Nature’s most powerful probiotic:
Approval in Asian countries
Due to the failure of the Phase 2b study with TSO® in pH5, the collaboration partner issued the following statement:
Unfortunately, the completed study in Crohn’s patients with TSO® did not show an adequate effect of TSO®. Therefore, we have discontinued the clinical trials and any potential regulatory process.
All the effort and money invested in this cooperation and development was in vain, so Ovamed company had to go bankrupt and be dissolved. Now, however, it has paid off that Detlev Goj, together with his Thai team of Biomonde, was able to establish a production in Thailand in the meantime and also received an approval as well as an export permit for TSO® from the Thai FDA.

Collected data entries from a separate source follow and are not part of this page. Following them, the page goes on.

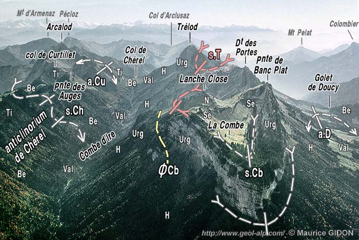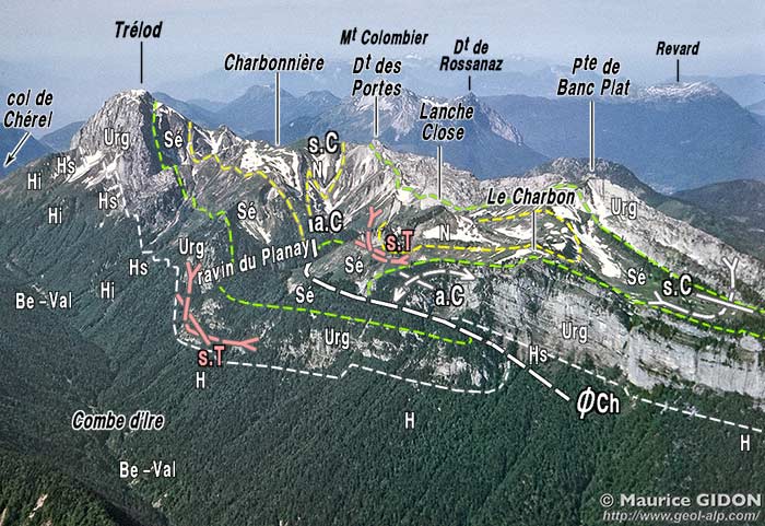 ØCh = chevauchement du Charbon ; s.C = synclinal du Charbonnet ; a.C = anticlinal du Charbonnet et du Charbon ; s.T (en rose) = synclinal du Trélod proprement dit (charnière principale du synclinorum).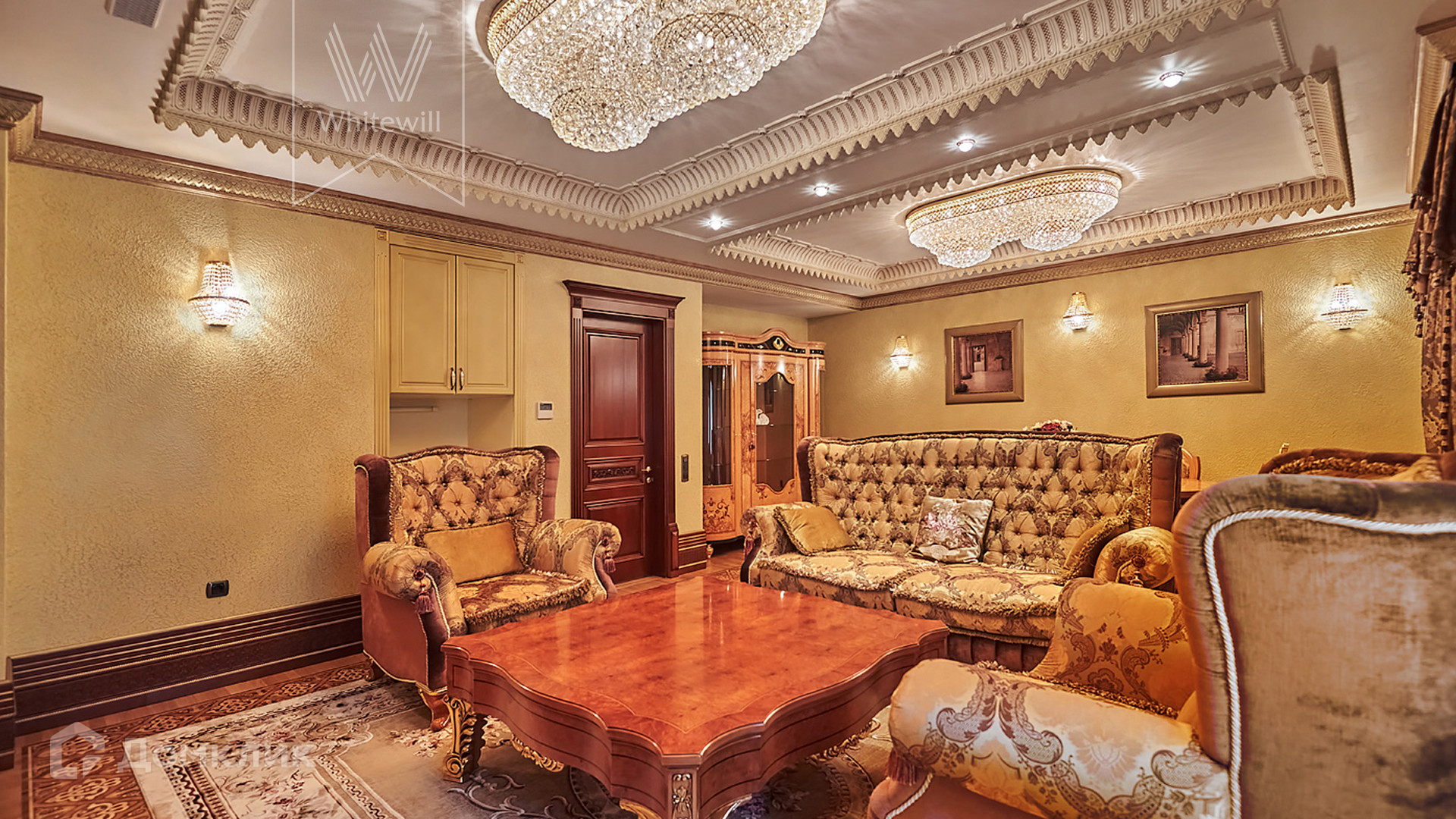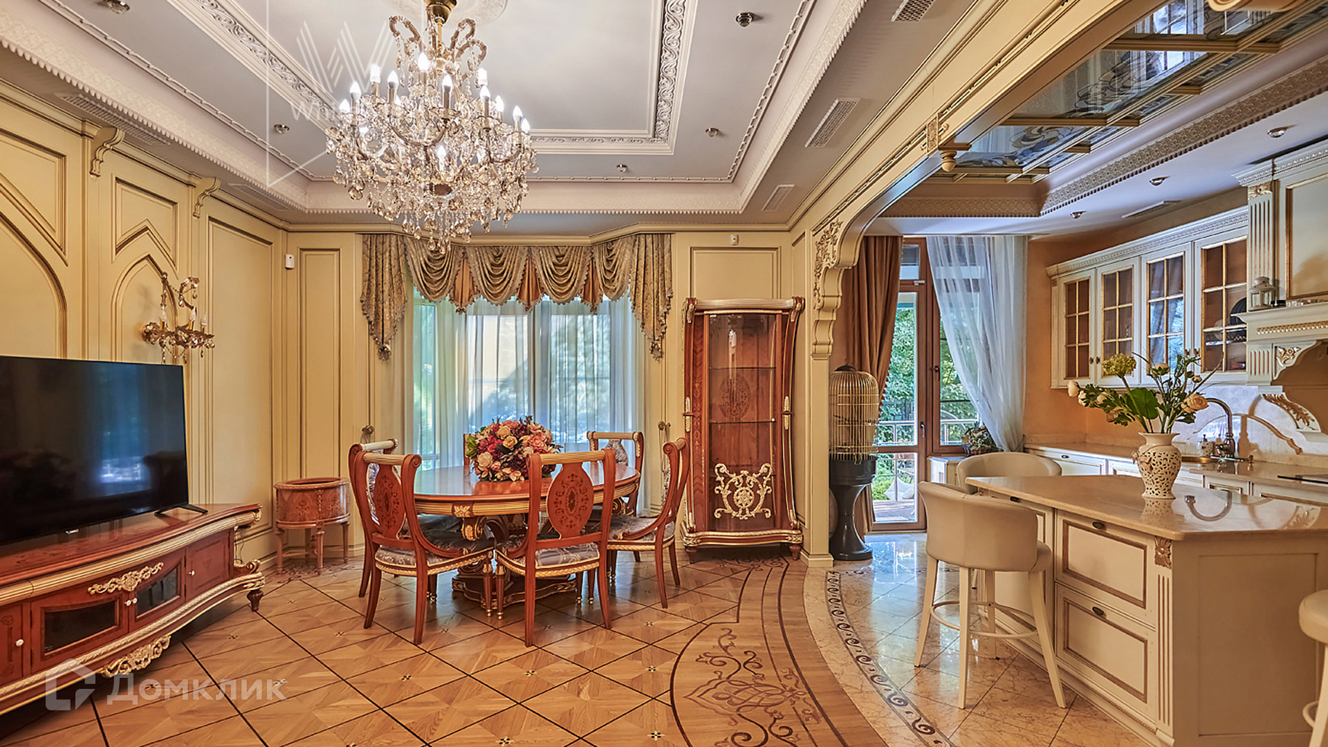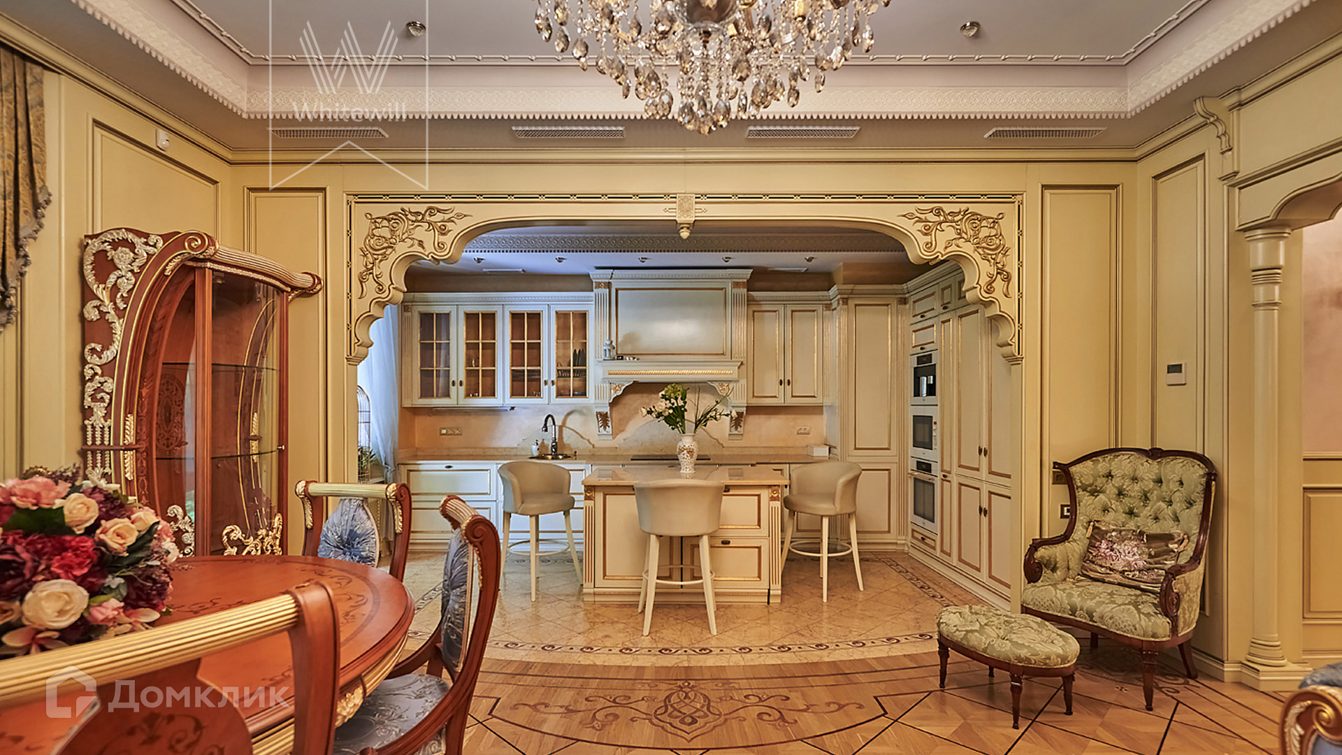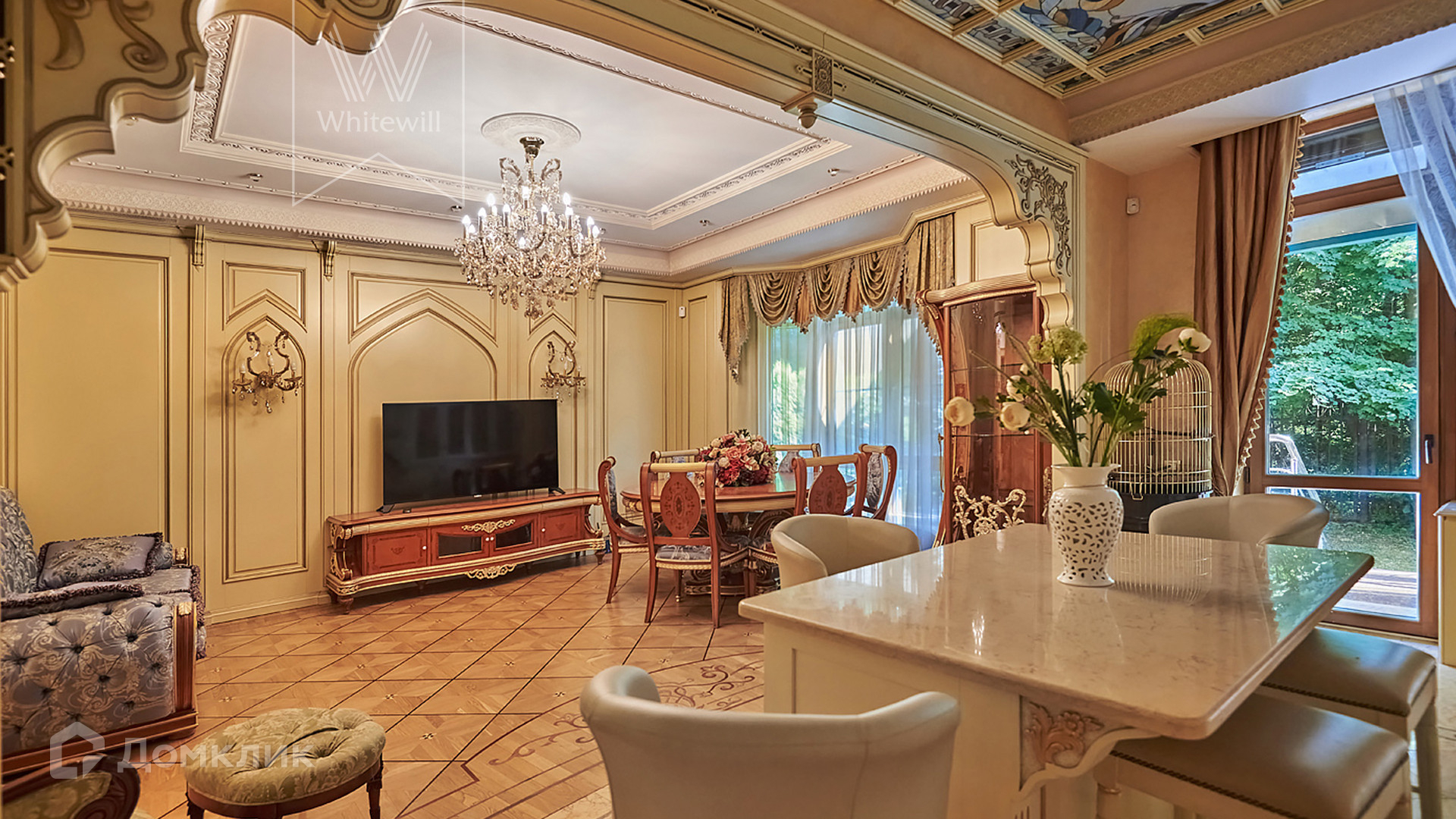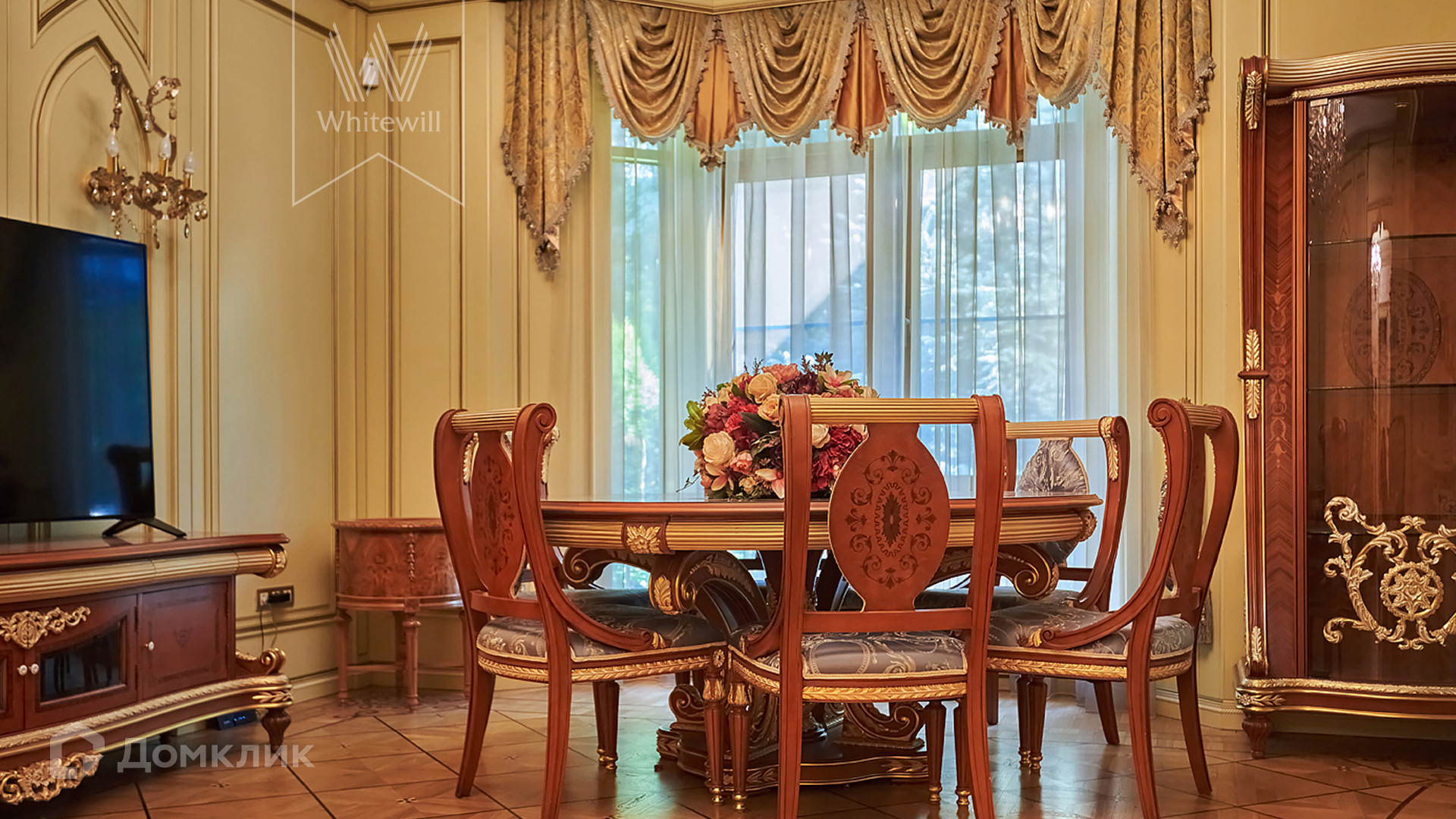 ID 854. С коллегами работаем 50/50. Трёхэтажный таунхаус площадью 323 м² в комплексе премиум-класса «Золотые Ключи-2» рядом с природным парком реки Раменки. Таунхаус включает три этажа, мансарду и подземный этаж. Выполнена премиальная отделка в стиле дворцовой классики. В отделке использованы ценные породы дерева, интерьер украшен лепниной и витражами.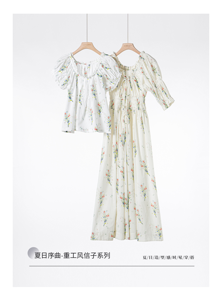 布料成本高、訂製週期長,用料捨得,印花是白底紅綠色調的花束印花,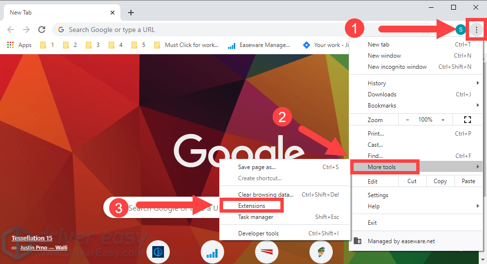 1) В правом верхнем углу окна нажмите на три точки значок и выберите Дополнительные инструменты> Расширения .
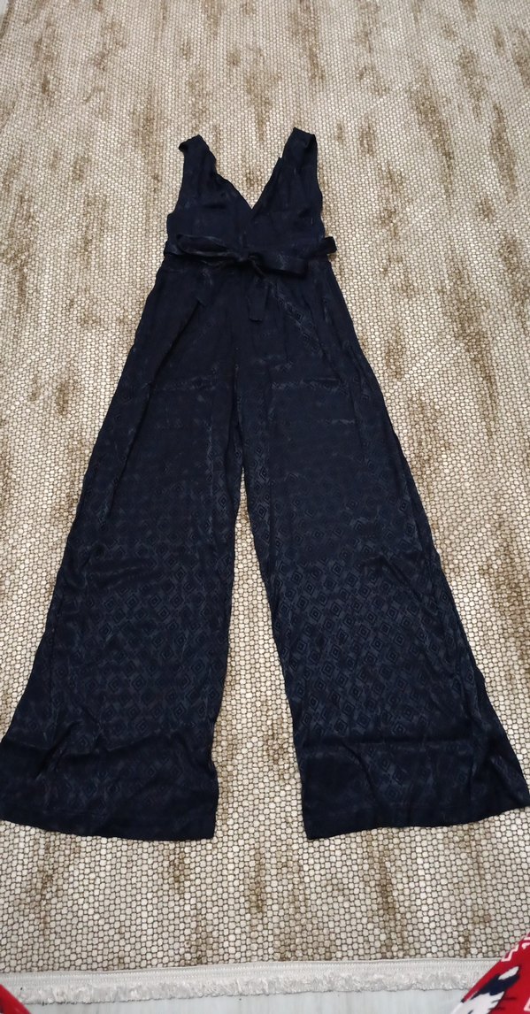 Kadınlar için lacivert uzun tulum, bol kesim, kemerli ve yakası kesim detaylıdır. Askılı kollu, dokuma kumaştan, açık hava için uygundur ve yan tarafında fermuar bulunan cepli tulum.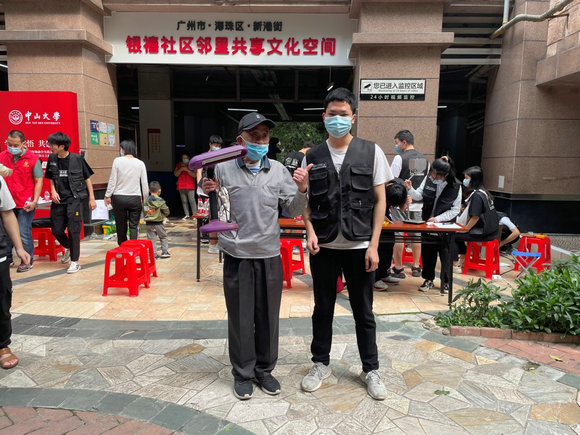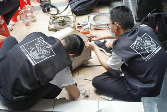 “這里是不是維修啊?那我趕緊上樓拿點(diǎn)東西!”銀禧社區(qū)鄰里共享文化空間里吸引了一大批居民前來,與其他攤位點(diǎn)不同的是,這里圍繞著的居民都是手提電風(fēng)扇、電飯煲、臺(tái)燈……一起圍看中山大學(xué)物理學(xué)院的學(xué)子們“大展身手”。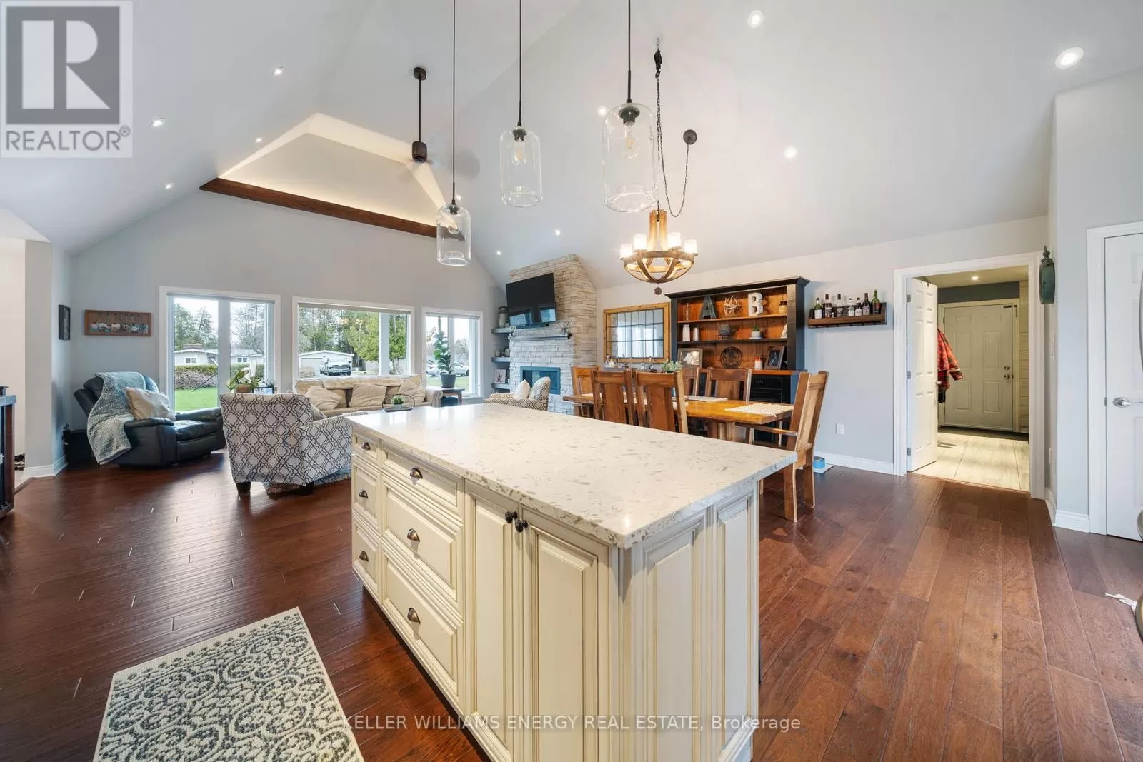 Cross Streets: Concession & Lagoon. ** Directions: Hwy 35 North toCountry Rd 121, Right on Francis St, Right on Lagoon Dr. Discover this incredible custom-built 3 bedroom, 2 bathroom home, offering a perfect blend of luxury and comfort just minutes from scenic Sturgeon Lake and 0.5km from the boat launch. This upgraded home features a stunning 19-foot vaulted ceiling in the main living area, creating a grand, open atmosphere, enhanced by a cozy gas fireplace. The kitchen boasts quartz counters and breakfast bar next to the formal dining area. Step out onto the expansive 45'x12' rear deck - perfect for entertaining or relaxing with a cup of morning coffee. Enjoy the convenience of main floor laundry and direct access to the oversized, double insulated attached garage. The finished lower level provides a den and versatile rec space complete with an electric fireplace - ideal for extended family or guests. This move-in ready home combines comfort, style and a fantastic location surrounded by nature! **Roof, furnace, AC all approx 2015, septic 2023, HWT is owned (id:27476)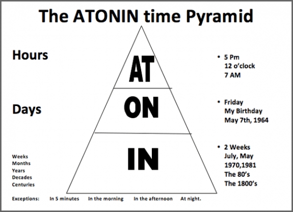 | at dinnertime | in 1990 | on 25 Dec. 2010 |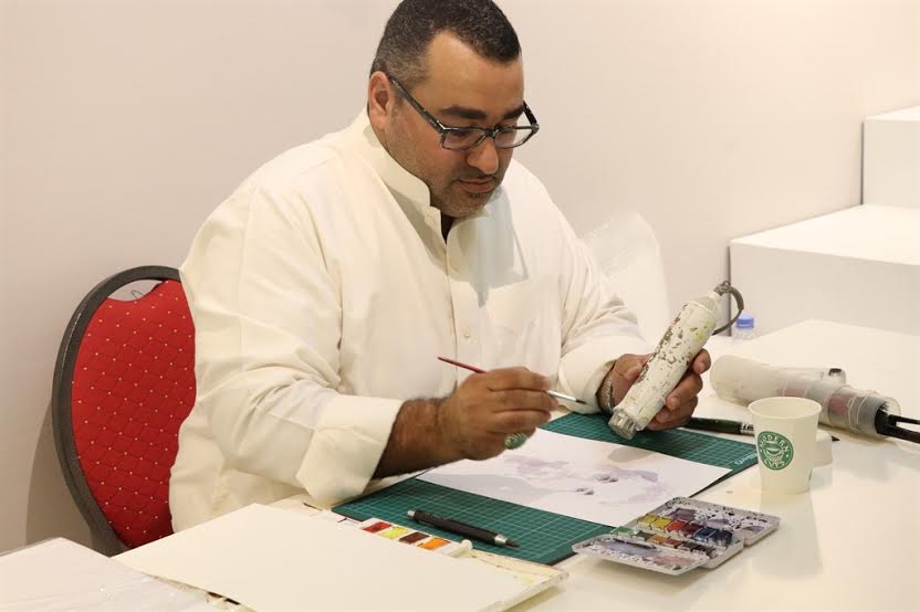 وضم 50 عملا لمدارس فنية متنوعة، مستمراً خمسة أيام يصاحبها ورش يوميه أهمها ورشة للفنان البحريني خليفة شويطر مساء الأحد.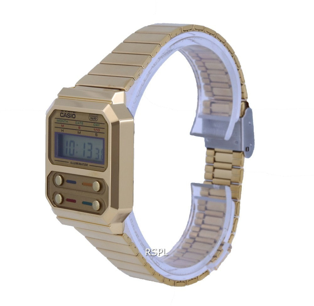 Montre pour femme Casio Youth Vintage en acier inoxydable numérique A100WEG-9A A100WEG-9

Unlike Western countries, Asian countries have a long history of using natural healing methods, which is reflected in their regulations. For example, if a preparation consists of only natural ingredients and can demonstrate in toxicity and phase 1 human studies that it poses no danger to the human body, it is exempted from the major approval process and receives approval on the same basis as, for example, medicinal teas and herbs. Conditions that TSO® was able to meet in full. The exact wording in the Thai FDA approval is
Trichuris suis Ova (TSO®) is classified as a natural medicine/herb which is exempt from pharmaceutical registration for domestic marketing. Therefore, Trichuris suis Ova (TSO®) is approved for export from Thailand.
Shortly after receiving approval in Thailand, TSO® was again separated from Biomonde Maggot Therapy and transferred to Tanawisa. Tanawisa has made a name for itself in recent years as a reliable supplier of the original TSO® in pH 2.3, which has now been proven effective in thousands of patients in and out of clinical trials, in line with the initial study successes of Weinstock, Elliott, Summers, Fleming and Hollander. Customers around the world appreciate the high quality of service.
Helminthic Therapy:
European countries followed
In the meantime, the European authorities have also decided to classify TSO® as a probiotic or novel food and have already accepted a first application for approval. However, as such a classification is primarily intended for use in healthy people, a large Phase 1 safety study in healthy volonteers is still required. TSO® has been shown in more than 17 clinical studies to be very well tolerated with no clinically relevant side effects, but these have all been clinical studies in sick patients.
Tanawisa is looking for a partner to conduct such a large Phase 1 safety study in healthy volunteers, as the costs are too high for Tanawisa to bear alone. The completion of this new study would lead to TSO® being used as an additive to existing probiotics such as Yakult or Actimel, making it available to the vast majority of people even in supermarkets. It would then be the first product of its kind to put various autoimmune diseases into remission.